A witness appeal has been made exactly a week after Mark Duggan was shot dead in Tottenham.
The death of the father-of-four, who received a gunshot wound to the chest last Thursday, was a trigger for the first night of rioting in north London on Saturday.
The Independent Police Complaints Commission (IPCC) handed out leaflets to members of the community, appealing for witnesses as part of their investigation into the circumstances surrounding the 29-year-old's death.
Mr Duggan was a passenger in a silver Toyota Estima people carrier minicab which is believed to have been stopped by police.
He was shot last Thursday, August 4, at 6.15pm in Ferry Lane near to Tottenham Hale Tube station. He was pronounced dead at the scene at 6.41pm, the IPCC said.
Meanwhile, it has been reported that Mr Duggan's family has requested a second post-mortem examination be held.
Ten IPCC investigators handed out leaflets at the scene of the shooting, accompanied by community activists.
Officers are now trawling through CCTV footage of the incident, as well as recordings of 999 calls and radio transmissions.
IPCC Commissioner Rachel Cerfontyne said: "It is one week since Mark Duggan died on Ferry Lane.
"It is a busy road and there is a busy tube and train station just minutes away. I want to appeal directly to anyone who saw or heard anything that may assist us with our investigation - or if you know anyone who has any information and has yet to come forward and speak to us, please urge them to do so.
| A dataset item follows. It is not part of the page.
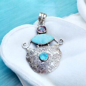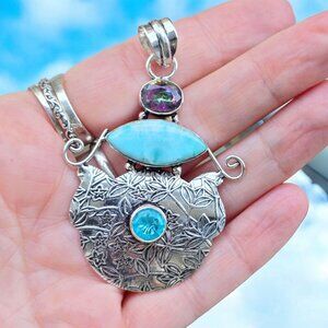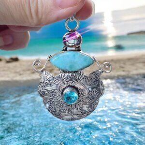 Mystic Fire Topaz, Larimar & Swiss Blue Topaz Forged In Sterling Silver Pendant

"The more information that our investigators have the better picture we will be able to build in to the circumstances of Mark Duggan's death."
Ken Hinds, a member of the IPCC Community Reference Group that will scrutinise their investigation, said: "I don't know if our community is comfortable with the IPCC - there are concerns from the past history.
"People like myself are determined that it will be as transparent and as thorough as it needs to be.
"If they come forward, people can have an impact on this investigation.
"There are concerns around the police, so I wanted to put myself forward to reassure others and assist them."
Describing the feeling a week after the death of Mr Duggan, he added: "I think people have vented their anger. The primary reaction was of frustration.
"I don't condone the aftermath of what we saw and I believe it was totally preventable."
Tottenham community activist Dr Darren Henry said that questions had to be answered about the circumstances surrounding last Thursday's shooting.
He said: "The family are grieving and in a tremendous amount of pain.
"Their pain is only going to be reduced by them knowing what happened to their son."
Dr Henry said the community wanted "justice for Mark".
He added: "Our questions aren't being answered. We don't think the family has been treated well and there is a total lack of respect.
"What we want, more than anything else, is some cohesion and some peace."